AFAC under Fire after Allegedly Cheating Pilots through Exam

Photo: Deposit Photos

By KELIN DILLON

Amid a controversial year for Mexico’s aeronautics sector, high-ups in the country’s Federal Civil Aviation Agency (AFAC) purportedly helped its pilots cheat their way through the Mexican commercial pilot exam, allowing underqualified and unprepared aviators to operate in Mexico’s airspace.

After a Sept. 6 investigation ordered by retired general and now-former head of the  International Civil Aviation Training Center (CIAAC) Benjamín Romero Fuentes, it was revealed that the AFAC’s Head of Logistics for Special Programs and On-the-Job Training Marco Antonio Toro Moreno had allegedly accessed and printed three versions of the test’s answer key on Feb. 3. 

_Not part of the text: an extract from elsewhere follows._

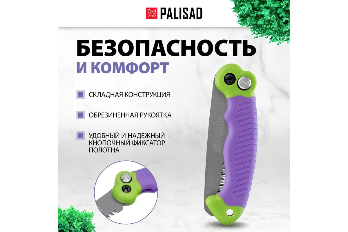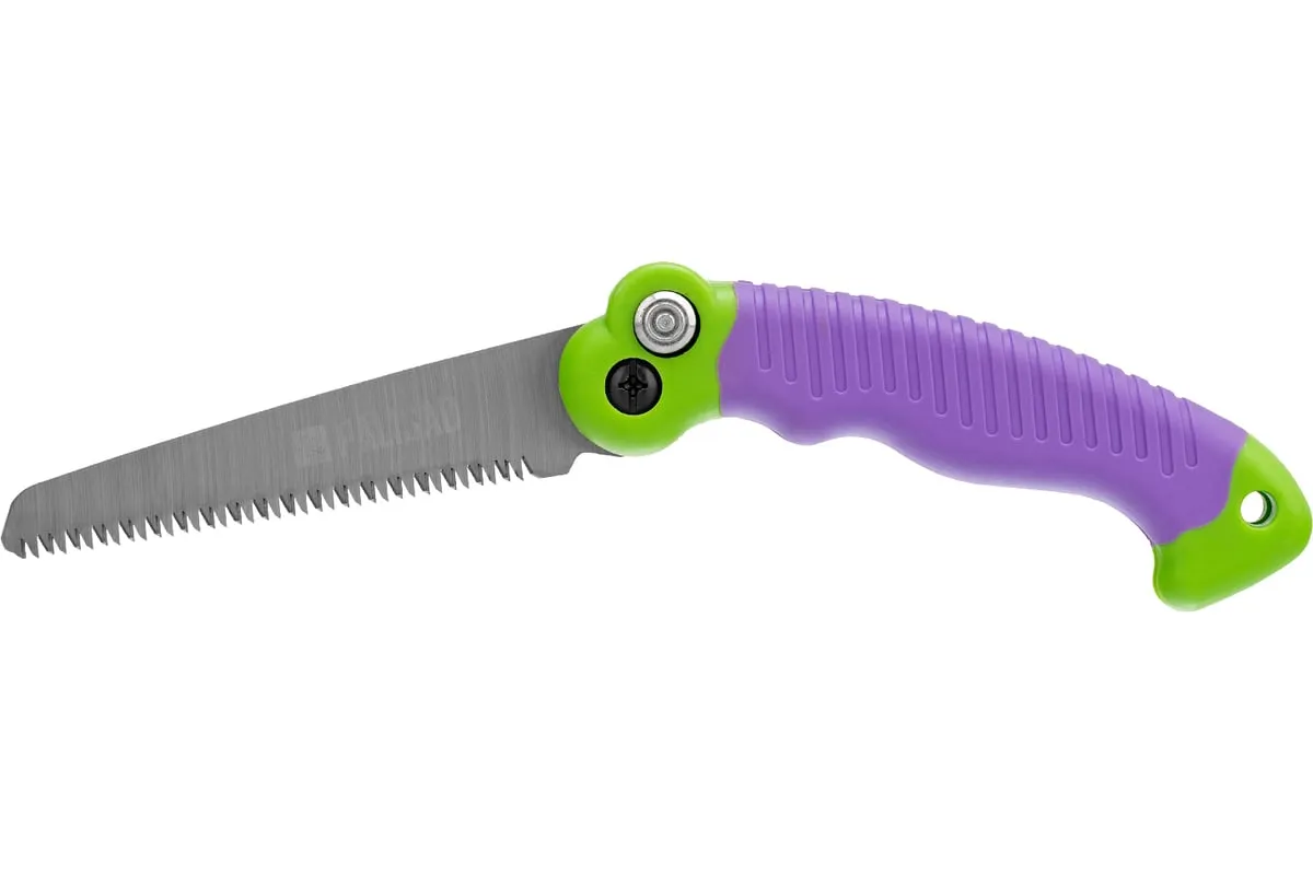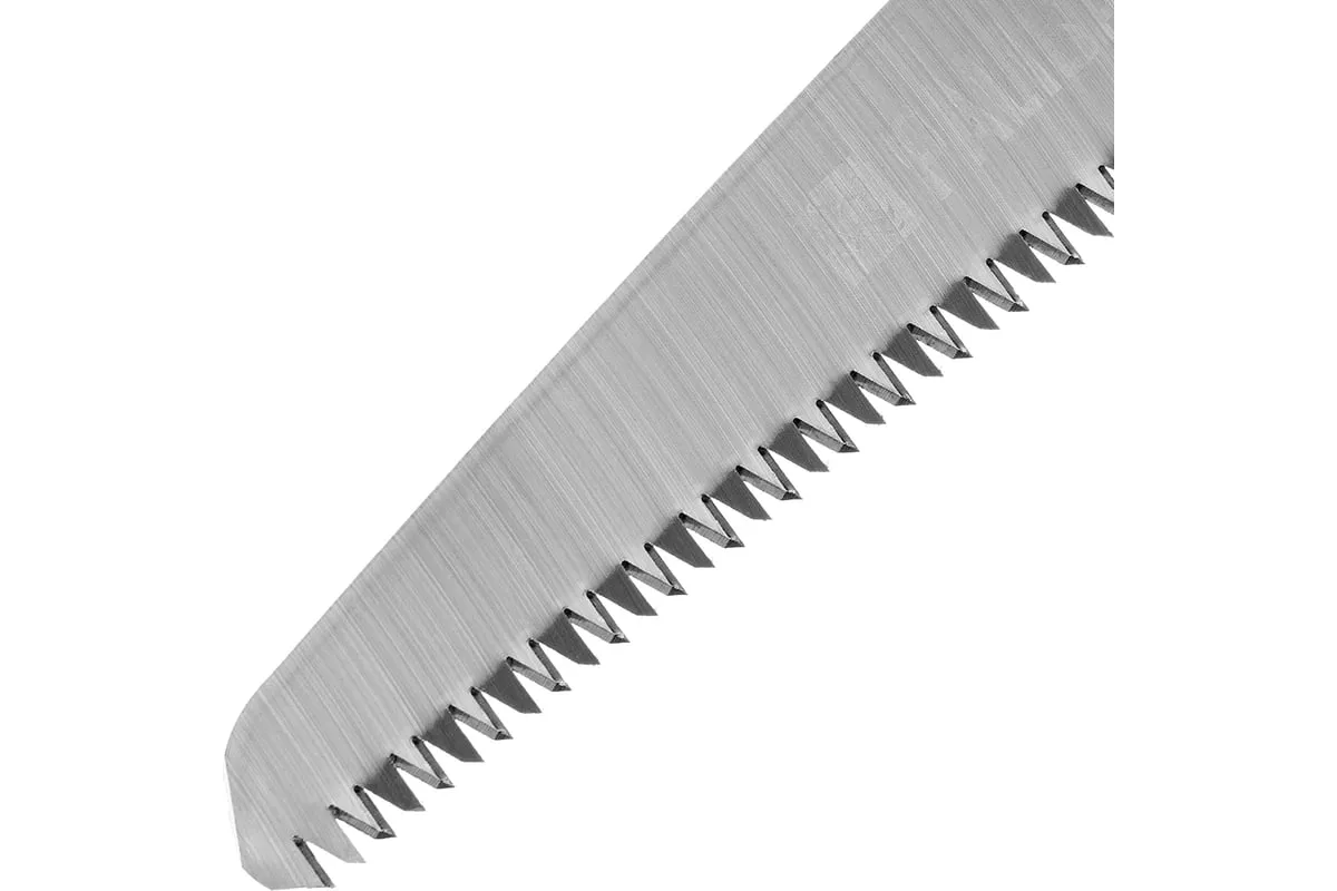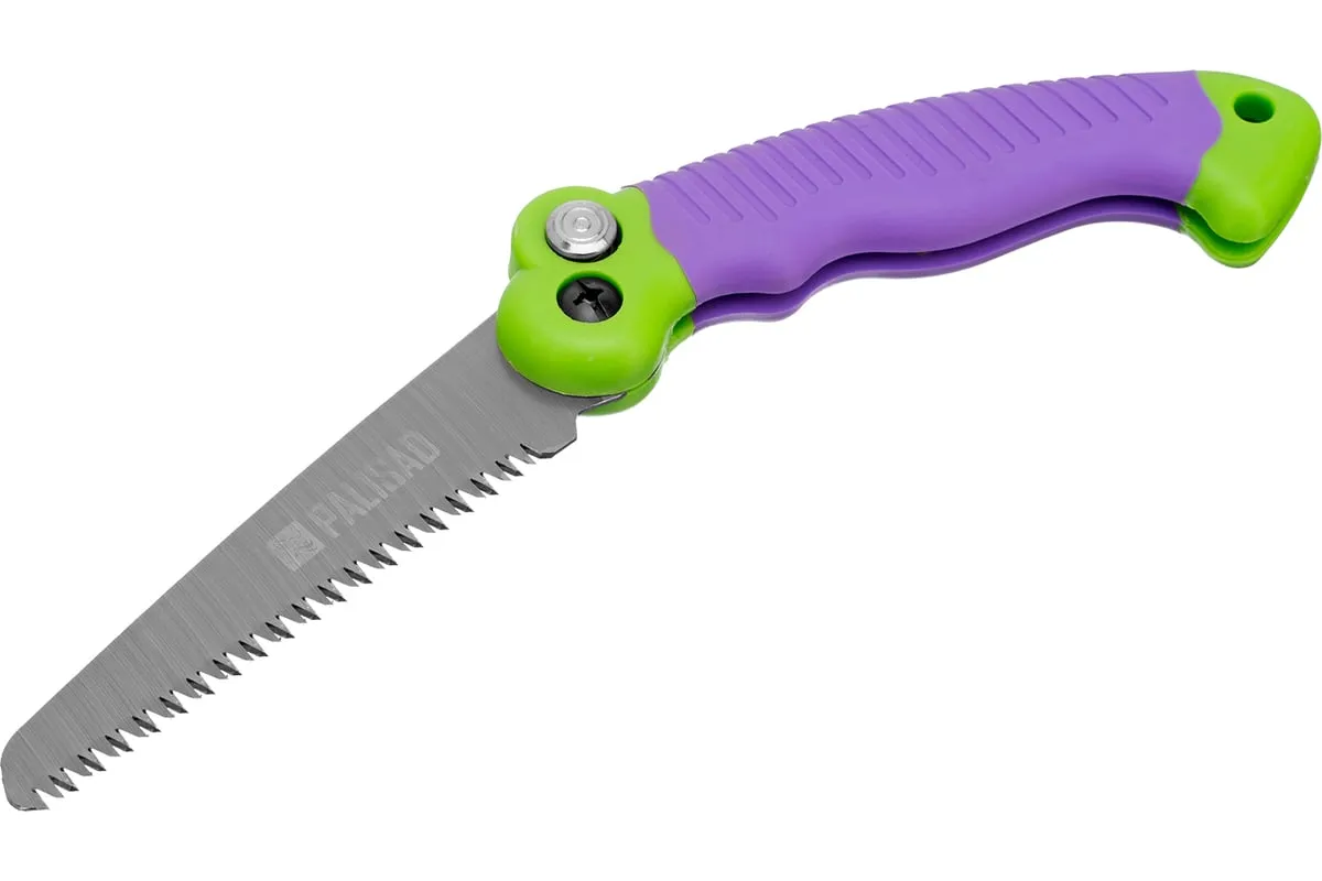 Садовая складная пила Palisad 60415 с рабочей частью длиной 115 мм и пластиковой обрезиненной рукояткой — удобный и компактный инструмент, который будет полезен не только в саду или на строительной площадке, но и в походе. Позволяет обрезать ветки деревьев, выполнять продольный и поперечный рез сухой или сырой древесины. Зубья с трехгранной заточкой обеспечивают эффективную работу при минимальных усилиях со стороны пользователя.

Just weeks after Toro Moreno’s actions, an “abnormal” and suspicious number of pilots achieved a perfect score on the exam, prompting the CIAAC’s inquiry.

After filling in his boss, AFAC Director Carlos Rodríguez Munguía, about the situation, Romero Fuentes was quietly dismissed from his post 28 days later, a move that insiders say was not the cordial resignation the organization announced to the public.

As the operation of the CIAAC and the proficiency of the AFAC’s pilots are major contingencies of the U.S. Federal Aviation Administration (FAA) reinstating Mexico’s Category 1 airspace designation, experts worry this new scandal will delay Mexico’s reevaluation even further.